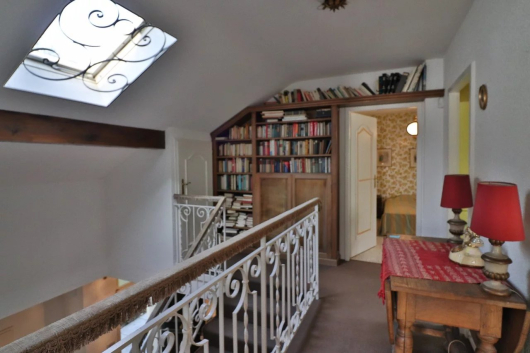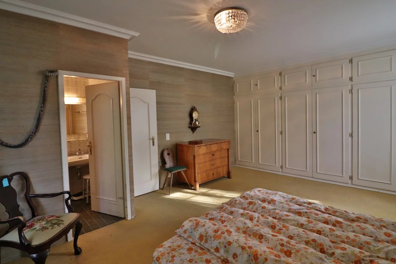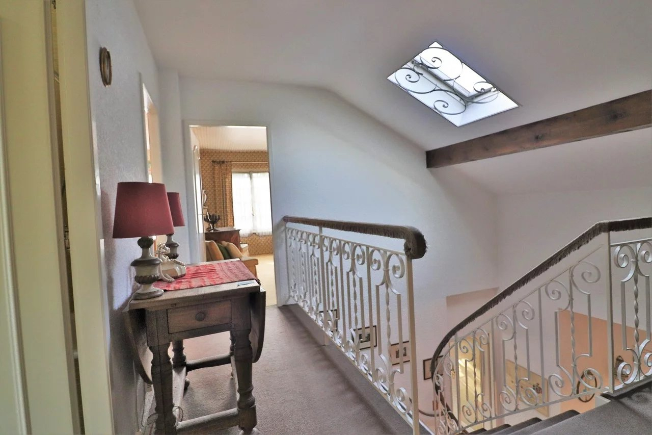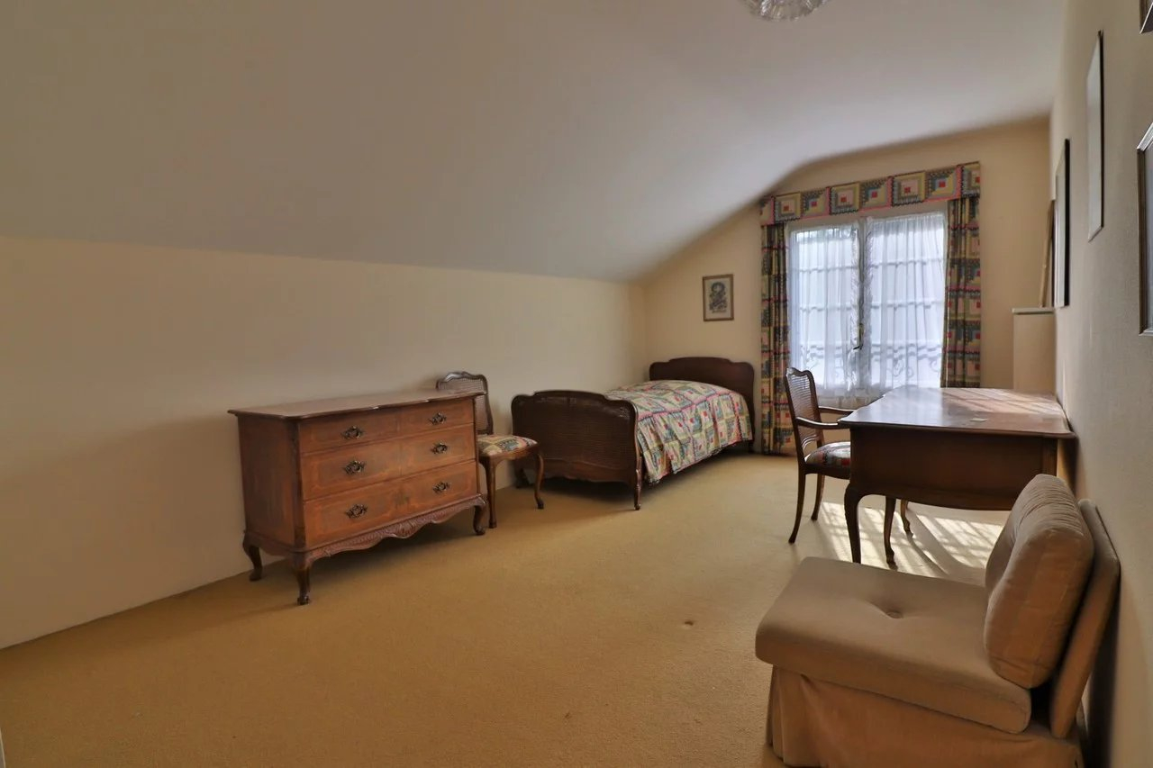 A l'étage : 3 généreuses chambres, 1 salle de bains avec veloux. La pente sous les toits est utilisée comme galetas. Au sous-sol: une grande cave, le local technique, une buanderie et le garage pour 2 voitures avec porte automatique.
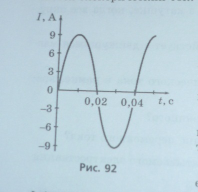 По графику, изображенному на рисунке 92, определите период и частоту переменного тока. Если можно с объяснением.
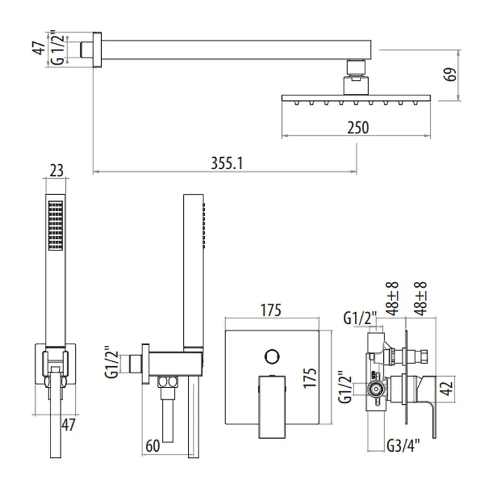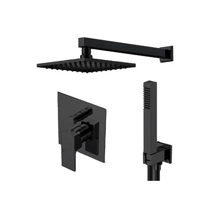Душ набор со смесителем встр. в стену Gattoni Kubik ручной лейкой и верхним душем 250х250, nero opaco 2590/25NO (ст. арт. KTQ15/PDNO)
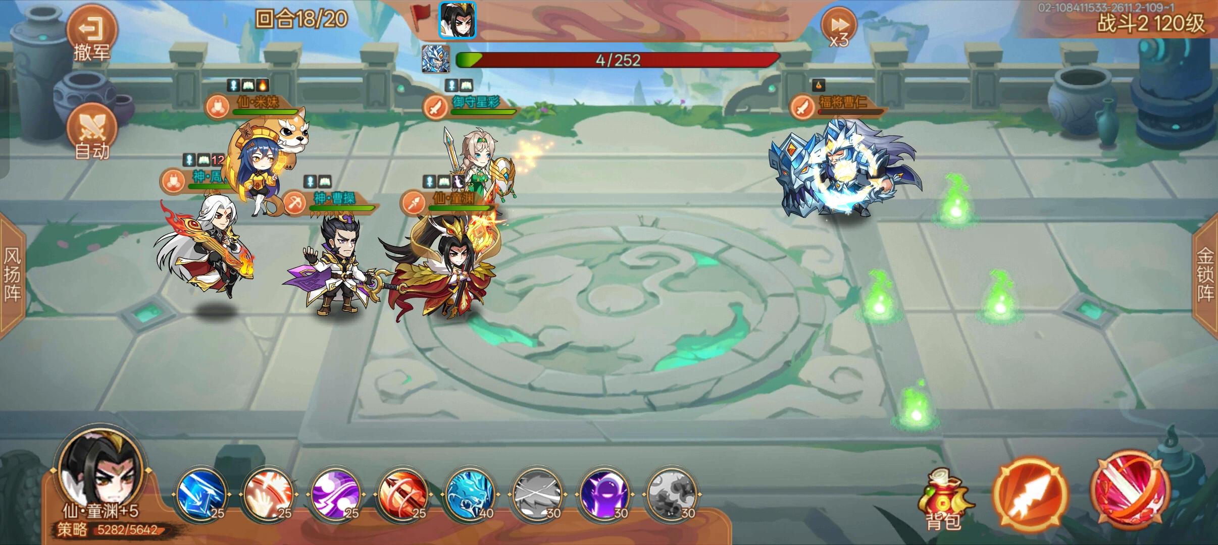 #乱世曹操传 按我这个配置人物,上个神周瑜狂战,带启灵5空洞印。我风杨阵24级,太低,第一回合星采开大。神曹大乱。神周瑜放大叠普攻狂战。迷妹灯➕5放大,童渊剑➕5放大。第二回合全部冰龙,周瑜看情况叠普通。一直到7回合,所有小兵死。剩主将,这个时候不要放大,用单火。和弩炮,辅助人物喂酒给迷妹。。。。
──────────
**TASK TO CARRY OUT**
With the pictures left out, copy exactly the lines from the one containing "По графику, изображенному" through the last line of the data.

**RESULT BELOW**
 По графику, изображенному на рисунке 92, определите период и частоту переменного тока. Если можно с объяснением.
Душ набор со смесителем встр. в стену Gattoni Kubik ручной лейкой и верхним душем 250х250, nero opaco 2590/25NO (ст. арт. KTQ15/PDNO)
 #乱世曹操传 按我这个配置人物,上个神周瑜狂战,带启灵5空洞印。我风杨阵24级,太低,第一回合星采开大。神曹大乱。神周瑜放大叠普攻狂战。迷妹灯➕5放大,童渊剑➕5放大。第二回合全部冰龙,周瑜看情况叠普通。一直到7回合,所有小兵死。剩主将,这个时候不要放大,用单火。和弩炮,辅助人物喂酒给迷妹。。。。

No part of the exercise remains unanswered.